An adaptive weighted self-representation method for incomplete multi-view clustering
Lishan Feng, Guoxu Zhou, Jingya Chang

TL;DR
This paper introduces an adaptive weighted self-representation method for incomplete multi-view clustering that effectively handles missing data by adaptively tuning weights and imposing low rank and smoothness constraints, improving clustering accuracy.
Contribution
The proposed AWSR method innovatively adaptively adjusts weights based on instance views and recovery process, addressing limitations of existing IMC approaches.
Findings
Outperforms eight existing methods in clustering accuracy, NMI, and Purity.
Effectively handles missing data with adaptive weighting and low rank constraints.

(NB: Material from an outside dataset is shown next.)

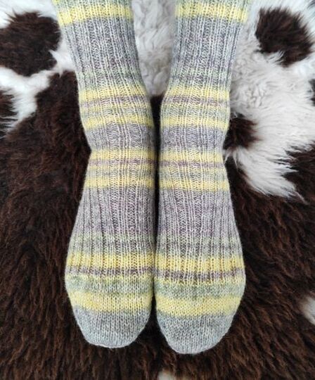 Die fertigen Socken ziehen sich durch das elastische Rippenmuster zusammen und wirken "klein". Aber keine Angst, angezogen am Fuß entfalten sie ihre volle Schönheit. Durch das elastische Muster behalten sie lange Zeit ihre Passform und leiern auch bei ausgiebigen Tragen nicht aus.

Theoretical convergence analysis supports the method's reliability.
Abstract
For multi-view data in reality, part of its elements may be missing because of human or machine error. Incomplete multi-view clustering (IMC) clusters the incomplete multi-view data according to the characters of various views of the instances. Recently, IMC has attracted much attention and many related methods have been proposed. However, the existing approaches still need to be developed and innovated in the following aspects: (1) Current methods only consider the differences of different views, while the different influences of instances, as well as distinguishes between missing values and completed values are ignored. (2) The updating scheme for weighting matrix in adaptive weighted algorithms usually relies on an optimization sub-problem, whose optimal solution may not be easy to achieve. (3) The adaptive weighted subspace algorithms that can recover the incomplete data are anchor…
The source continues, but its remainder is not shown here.